I believe you do need a permit....and i also believe you can only cut fallen trees


----------



## Mister ED (Apr 3, 2006)

Google MiDNR and firewood ... or something to that effect, you'll find the info. If I remember correctly the permits are only good from sometime in spring until the end of Dec. Limited to 5 cord (I think) and yes only fallen dead trees.


----------



## LumberMatt (Apr 2, 2009)

Hello, I got a permit last year at the Atlanta DNR station for $20.00. It is good for a year and is very restricted for certain areas. They showed me maps of all the different areas. Some areas were only open before a certain month (July maybe). They were very helpful though. Next year I will try to find good areas first and then choose what area to get the permit for.

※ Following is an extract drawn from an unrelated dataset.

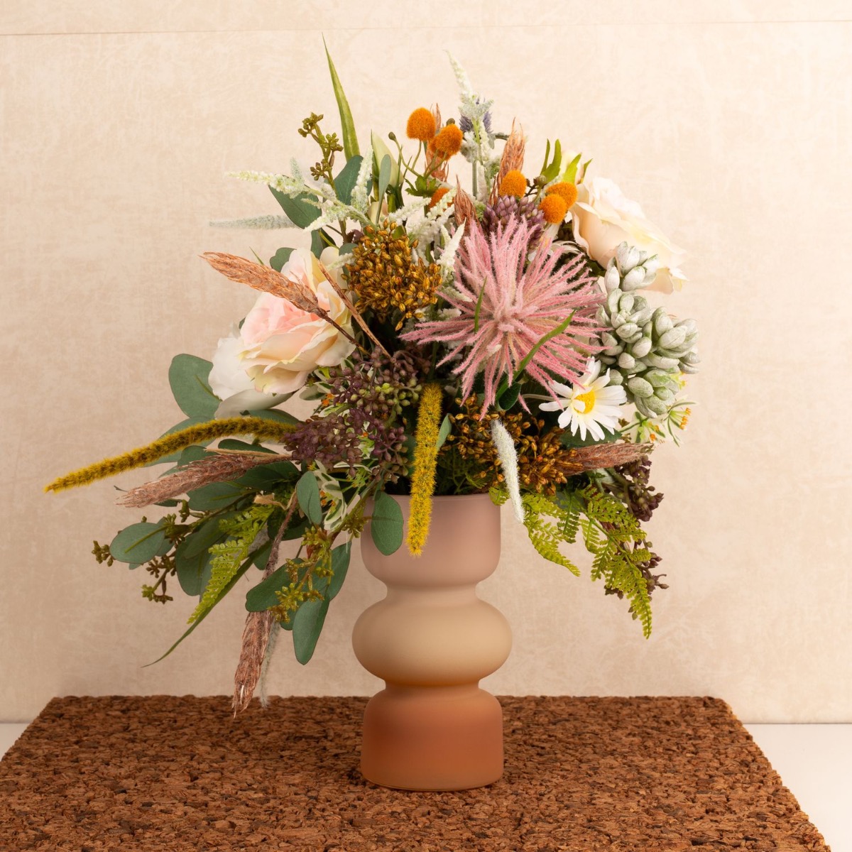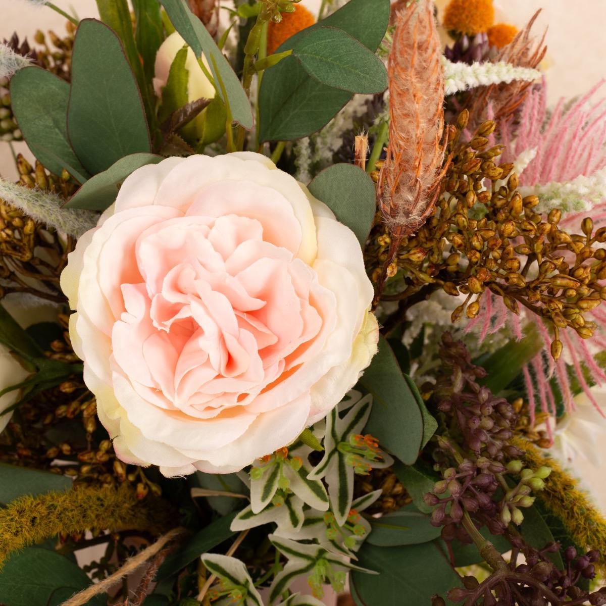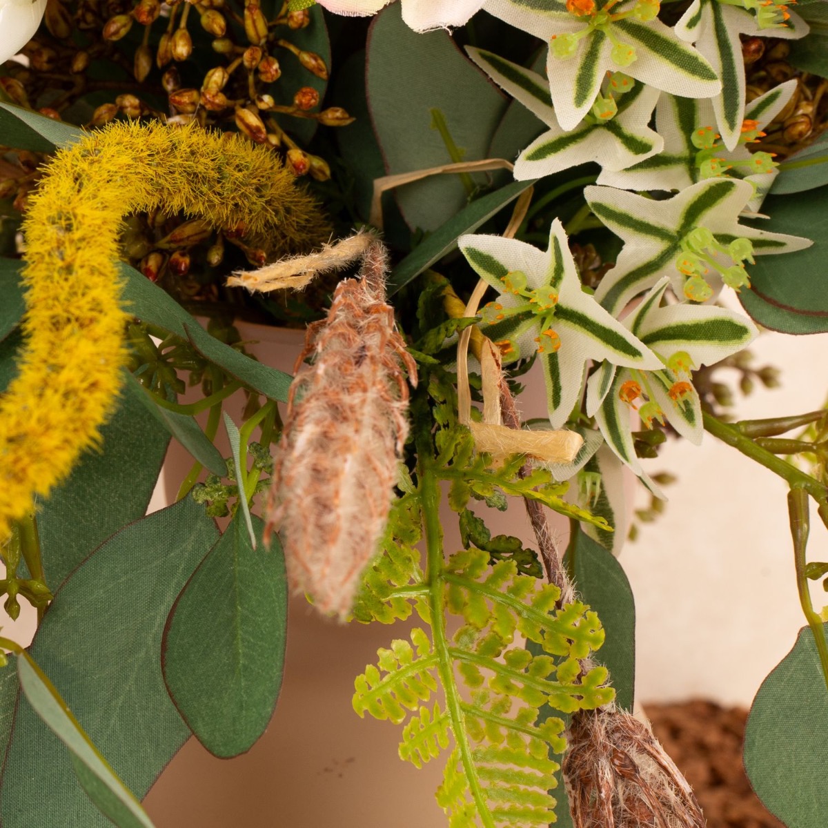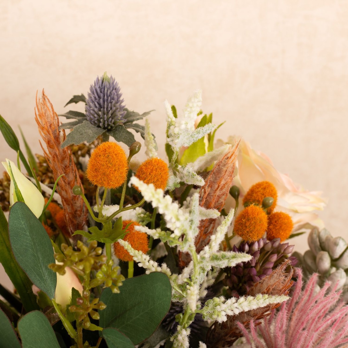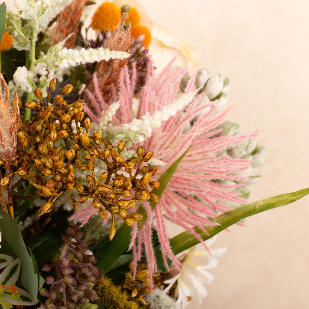 Una composizione floreale romantica e selvaggia! Kate voleva che creassimo una replica artificiale del suo bouquet da sposa come ricordo. Siamo rimasti entusiasti della sua commissione, un delicato bouquet di fiori di campo, legato con cura da un fiorista. Dopo una lunga ricerca, siamo riusciti a raccogliere gli innumerevoli fiori per il bouquet e ci siamo messi al lavoro. Abbiamo tagliato numerosi rami e abbiamo anche dovuto realizzare uno stelo allungato per la succulenta del bouquet. Poi, sono state inserite numerose pannocchie nel bouquet ed è stata creata una sporgenza di eucalipto. Il bouquet da sposa assomigliava quasi al bouquet da sposa originale, cosa che la nostra cliente ha notato con stupore. Piacerebbe anche a voi ricevere un bouquet da sposa così bello? Acquistate il look!

My area seemed to have mostly pine in it. I was looking for hardwood. Half the fun of being up north is driving around and exploring, so it gives me something to hunt for off season. If you are looking for campfire wood I believe no permit is needed. Hope this helps.


----------



## springdale (Dec 19, 2007)

I had a permit last summer, but it expired at the end of Aug. I never cut a stick, most all of the wood was already taken by the time I got around to looking, but should be more down after the winter. Advise cutting soon after thaw to get any amount, 5 cords max 4 x 4 x 8 cords not face cords.


----------